The 3rd question, Parents have and will always disagree with their children for what is consider the child's personal domain. The parent who have their child's best interest in heart wants to control their child's world. The protective nature is loving and children do need this; however, there will come a time when the child's personal appearance will be just that "it's" personal appearance. This allow the child an expression of oneself, a development of self esteem, and a way for parents to gauge the child's peer pressure acceptability. Now I am not stating to allow the child a freedom of choice in all they do, but to allow certain things that they can choose and will always choose. For an example, a child can choose the hair style, length, color etc; however the child can not choose to wear what clothing he or she can wear. Or the clothing chosen have to be within a certain guideline. This personal domain limit is established while the child is growing, but can be developed at anytime within the child's life. And with any rule, you as the parent reserve the right to modify the rule and will notify the child before the rule change occur.

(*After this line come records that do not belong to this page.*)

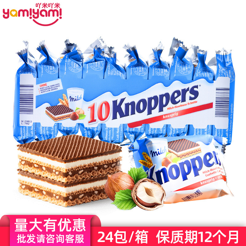 ドイツの輸入レジャースナックメーカーは、同じ種類のKnoppers牛乳榛子チョコレートのウエハー250gを持っています。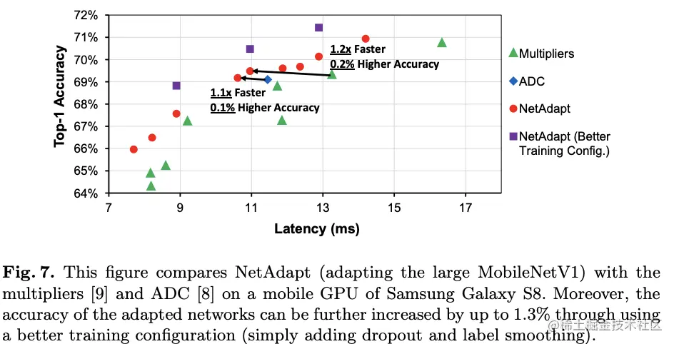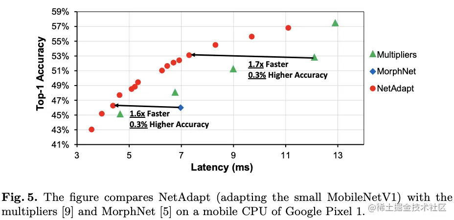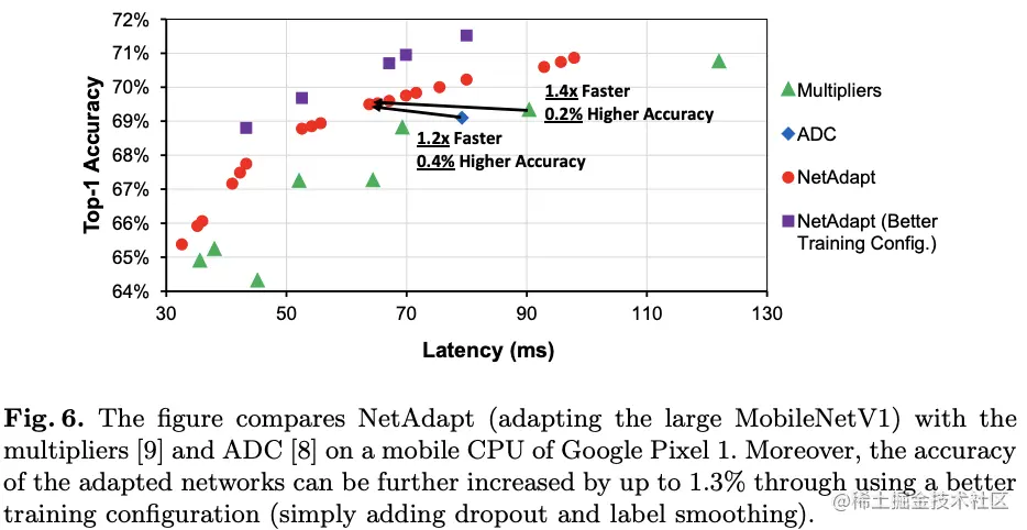 在NetAdapt的每次迭代中,都使用相对较小的次数(short-term)fine-tune搜索到的简化网络来恢复准确率,这一步对于小网络而言相当重要。由于大量减少资源量,如果不这样做,网络的准确率可能会降为零,导致算法选择了错误的网络。随着算法的进行,虽然网络会持续训练,但还没到收敛的地步,所以当得到最后的一系列自适应网络后,使用较多的次数(long-term)fine-tune直到收敛作为最后一步。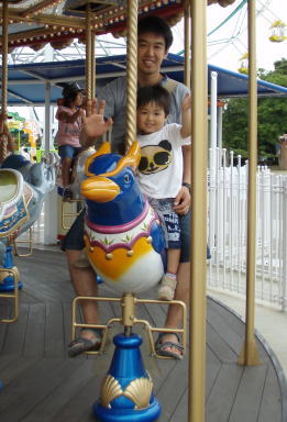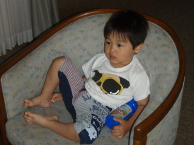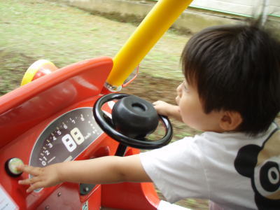 「ママ、押して~」とわが道をゆくKOU君。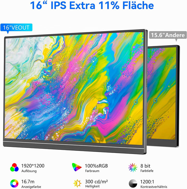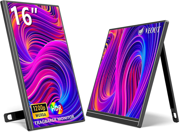Veout 16 Zoll Portable Monitor, 1200P 2K IPS Tragebar Gaming Bildschirm für Laptop/PC/Mac/PS5/Xbox mit USB-C & HDMI, Ultradünn Display mit Halterung,16:10, 300cd/m² Helligkeit - Schwarz

Another way to modify the child's wants or desire for the inappropriate trend, is to get them to explain why they want to follow it so much and don't take "just because" as an acceptable answer. Every trend, have an originator and meaning, instruct the child to find out the meaning and discuss it with them. For an example saggy/baggy pants often referred to as Saggin' developed according to Dr. Jon Abdullah Yasin, from" (at least in concept) from an eccentric American youth translation of old African culture blended with exaggerated street fashion of the time" More on this subject can be found at http://answers.google.com/answers/threadview?id=280977. Once answers are found discuss and this will allow you as the parent a window of opportunity to bond with the child, find out more about the way your child think and process new ideas.
I hope this was helpful and is not all that can be discussed on the subject. Please let me know what you think and lets discuss.